Chickens will sometimes prefer kitchen greens boiled to raw, and at other times the reverse, you will need to experiment with your birds. Never feed potato greens or green potatoes and always boil them before feeding to chickens.
How much kitchen scraps can chickens have?
The left over crumbs of bread, pie or pizza crust, rice, pasta and the general waste from the kitchens of chicken keepers seems to end up in the birds dinner bowl. I do it myself to some extent.
I have always said that treats should make up no more than 5% of the diet of chickens and the feeding of left overs from the human table is no exception. Food meant for humans is often laden with sugar and salt and is short of protein when it comes to chickens.
Some care is needed as the feeding of dinner and kitchen scraps is illegal in some countries.
Snails, worms and Insects as food for Chickens:
You should not feed more than 10% of the diet in insects and try to avoid bought insects, you don't know what they were fed on.
Chickens and poultry in general are seemingly as fond of snails than they are of worms, though they do not much relish slugs.
The trouble with feeding insect to chickens is it is not easy, in every locality, to obtain any large supply of snails, worms etc unless you resort to buying them, which becomes expensive.

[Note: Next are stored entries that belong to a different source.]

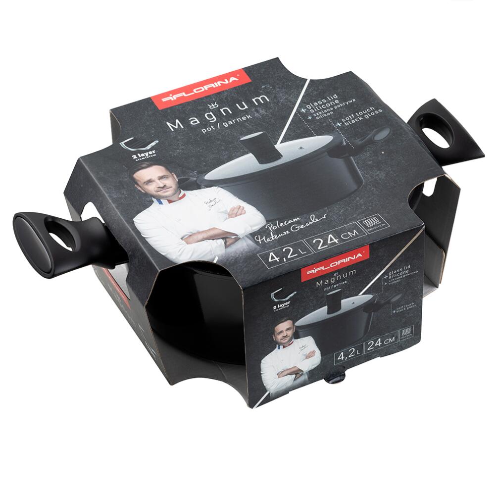 Este o alegere excelentă pentru cei care apreciază calitatea înaltă și eficiența atunci când gătesc. Ghiveciul din aluminiu Florina Magnum este o garanție a rezultatelor culinare excelente și a confortului la pregătirea meselor. În plus, datorită versatilității sale, poate fi folosit cu succes pe diferite tipuri de aragaz , inclusiv cu inducție. Gătitul devine o plăcere cu această oală Magnum unică .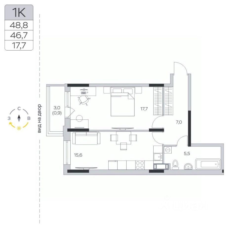 Продаётся 1-комнатная квартира в сданном доме (Корпус 15), срок сдачи: III-кв. 2024, общей площадью 46.7 кв.м., на 9 этаже.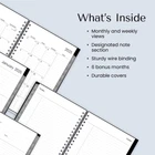 January 2025 - December 2025 day planner with 12 months of monthly and weekly pages for easy year-round planning; 6 additional monthly pages (July 2024 - December 2024) are included Monthly view pages contain previous and next month reference calendars for long-term planning, and a notes section for important projects; Major holidays listed, elapsed and remaining days noted Weekly view pages offer ample lined writing space for more detailed planning, allowing you to keep track of your appointments, reminders, ideas and to-do lists every day of the week Yearly calendar planner includes a convenient list of holidays, reference calendars, contacts pages and extra notes pages to accommodate your scheduling needs Printed on FSC-certified paper for clean writing space, with premium quality covers in rich colors and durable, coated tabs that withstand constant use throughout the year

There is not many types of insect which poultry will not eat. They are exceedingly fond of flies, beetles, grass-hoppers, and crickets, but more particularly of every sort of grub, caterpillar, and maggot, with the remarkable exception of the caterpillar of the magpie moth (Abrams grossalaria),which no bird will touch.
Too many worms ought not to be given to chickens, although ducks can tolerate more, as this can render them too fat, and stop them from laying. It must be observed, however, that all fowls are not equally fond of worms; and that some will not touch them.